Poczekalnia, moje pierwsze kroki w twórczości.
#1381 OFFLINE
Napisano 20 październik 2019 - 04:13
- wojtekmat lubi to
#1382 OFFLINE
Napisano 20 październik 2019 - 07:53
Może lepiej jeden, dwa porządne nóżki Olfy?
masz na myśli to ? :
https://markery.pl/p...ASABEgLdp_D_BwE
Tak jeszcze z innej beczki, na początku jako farbę chyba wystarczy wybrać spreje ?
#1383 OFFLINE
Napisano 20 październik 2019 - 09:33
Kup kilka podstawowych kolorów (najlepiej Motip), nie reagują z lakierami. Z czasem dokupisz więcej kolorów albo przejdziesz na inne farby.
#1384 OFFLINE
Napisano 20 październik 2019 - 10:05
#1385 OFFLINE
Napisano 20 październik 2019 - 10:38
#1386 OFFLINE
Napisano 20 październik 2019 - 15:19
super,
jeszcze jedno pytanko, z tego co widzę na youtube, wszyscy wzory np łuski malują sprejem.

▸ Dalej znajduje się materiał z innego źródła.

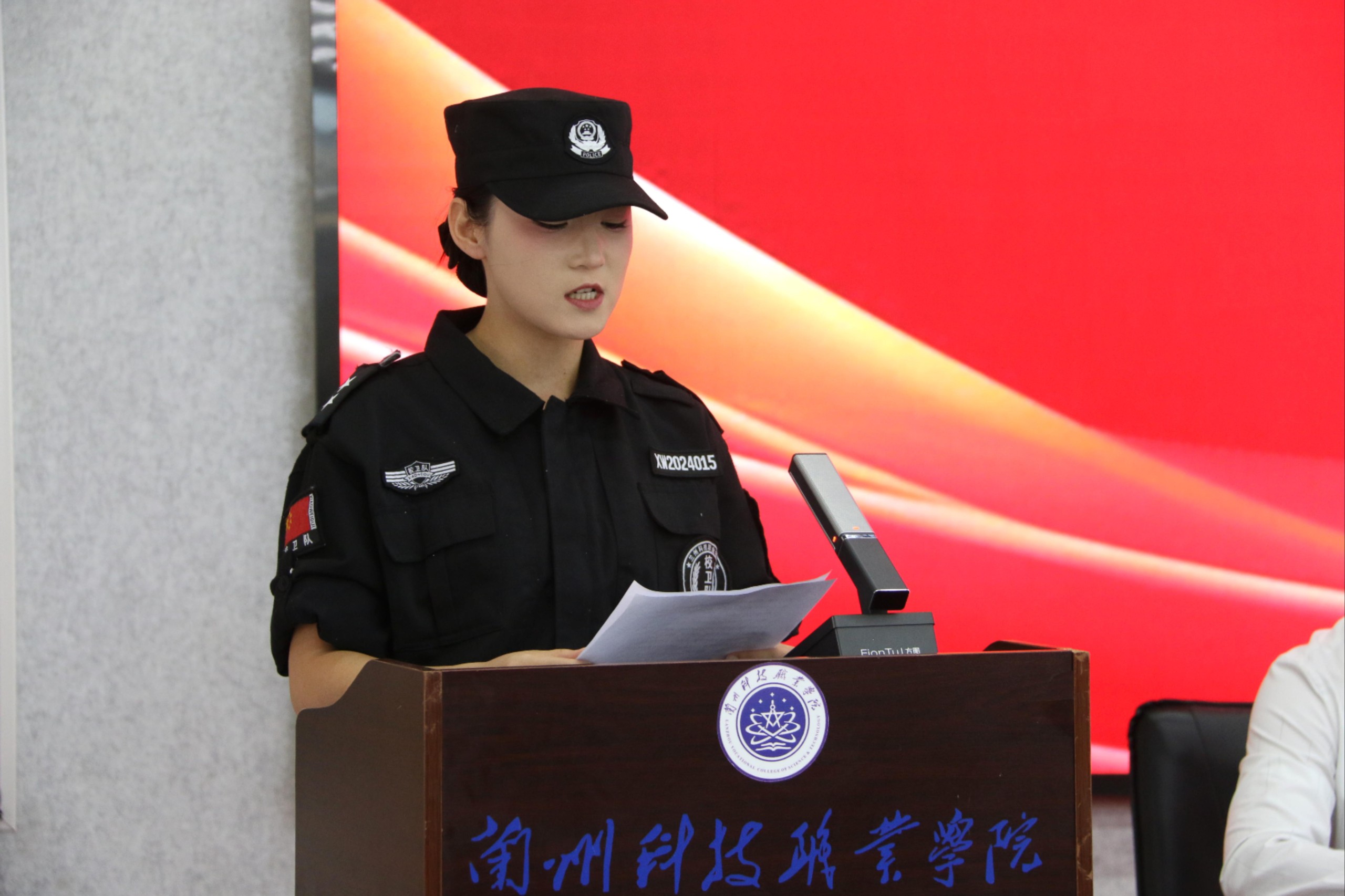 仪式上,党委副书记、常务副院长孟光致辞。他首先向即将离任的老队员表达了诚挚的感谢,称赞他们用忠诚筑起了校园安全的“钢铁长城”,是兰科院的“守护星辰”。随后,对新一任校卫队队员他提出三点期望,一是要以“科技”赋能安全工作,打造“智慧校卫”新标准;二是要以“团结”凝聚战力,锻造“召之即来、来之能战”的铁军;三是要以“赤诚”践行使命,让“兰科院卫士”之名响彻校园。他勉励全体队员以脚步丈量校园的每一寸平安,以行动诠释“守护者”的铮铮誓言,在奋斗中绽放青春最硬核的光芒。

Czy ktoś z Was je wyrabia w "3d" rzeźbiąc na woblerze ? Taka przynęta chyba optycznie lepiej wygląda ?
#1387 OFFLINE
Napisano 20 październik 2019 - 16:57
Witam,
Tak się wkrecilem w wędkarstwo ze chciałbym podłubać jakieś swoje przynęty.
Myślałem na poczatku o zakupie jakichś nozykow .

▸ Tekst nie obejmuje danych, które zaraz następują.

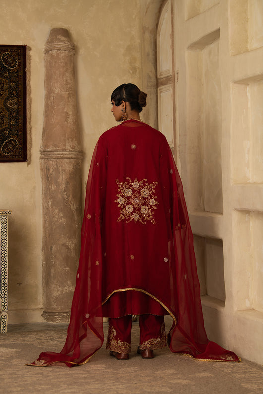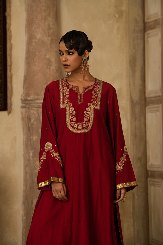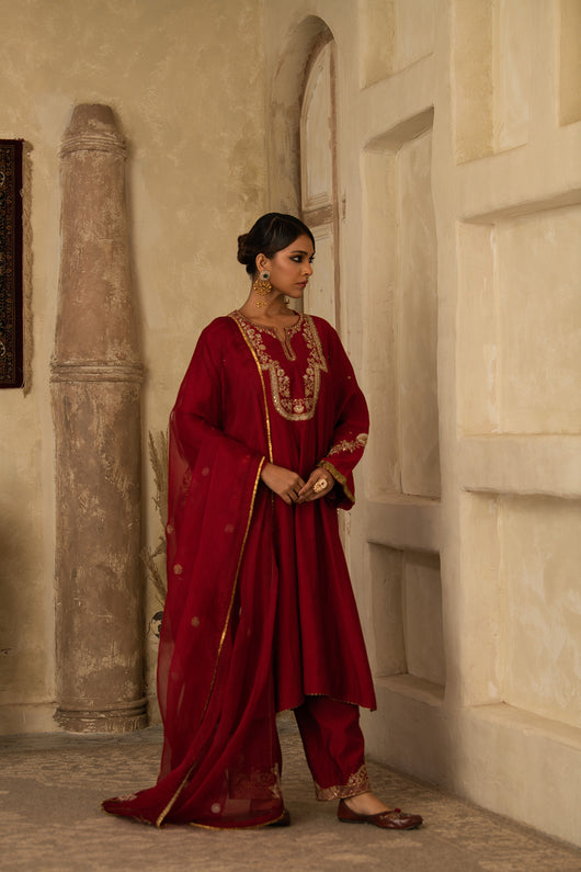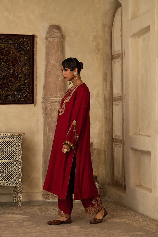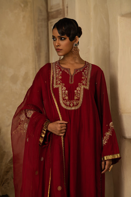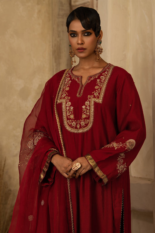 Tailored in rich fabric, this festive ensemble celebrates artistry and heritage. The highlight is its graceful jharokha neckline, a design that frames the silhouette with regal charm. Intricate machine embroidery flows seamlessly across the fabric, enhanced by delicate handwork that adds depth, texture, and a touch of craftsmanship. Blending elegance with tradition, this piece is perfect for festive occasions-where timeless detailing meets contemporary sophistication.

Co będzie lepsze na początek
https://www.jula.pl/...ASABEgKLAvD_BwE
Czy lepiej zainwestować i dolozyc
https://www.xxlgastr...AyABEgKYPPD_BwE
Poszukaj w Biedronce takich kolorowych nożyków (ostrze ma ze 6 cm)- chyba do obierania warzyw. Do tego kilka arkuszy papieru ściernego o różnych gradacjach do ostrzenia( 200, 400, 600)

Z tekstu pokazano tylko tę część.